$A(a,b)$ and $B(b,-a)$ are two fixed points. If $P(x,y)$ is a moving point such that $$|AP|^2 + |PB|^2 = |AB|^2 \tag1$$ prove that $x^2 + y^2 =(b-a)(x+y)$.
So far I tried to use distance formula in the equation (1). But at the end I could not get the desired outcome. And I think I am not wrong, as it seems to me that it is the only way to solve the problem. Also, could anybody explain to me analytically, when the question says $P(x,y)$ is a moving point.

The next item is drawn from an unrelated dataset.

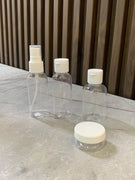Set me shishe plastike për udhëtim me 6 pjesë; një shishe sapuni, një me spurcim, 2 shishe për likuid dhe 2 kontenitorë për krem
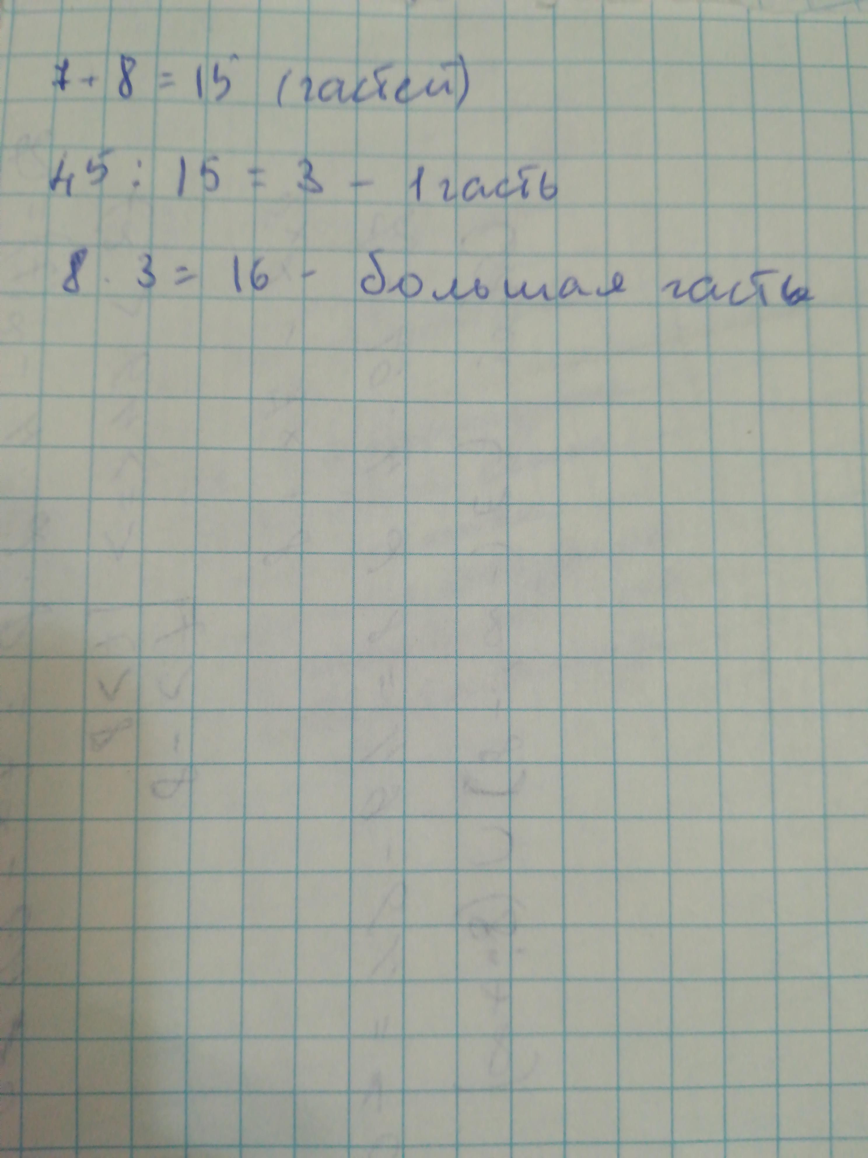 Пошаговое объяснение: колво частей. Потом общее делим на колво частей. И умножаем одну часть на 8 (большую)

for P satisfies the condition: $$(x-a)^2+(y-b)^2+(x-b)^2+(y+a)^2=(a-b)^2+(a+b)^2$$ Solve: $$(x^2+a^2-2ax)+(y^2+b^2-2bx)+(x^2+b^2-2bx)+(y^2+a^2+2ay)=2a^2+2b^2$$ $$- a x - 2 b x + x^2 + a y + y^2 = 0$$ $$\left(x-\frac{a+2b}2\right)^2+(y+a/2)^2=\left(\frac{\sqrt{2a^2+4b^2+4ab}}{2}\right)^2$$ The last equation is the locus of point P which apparently is a circle.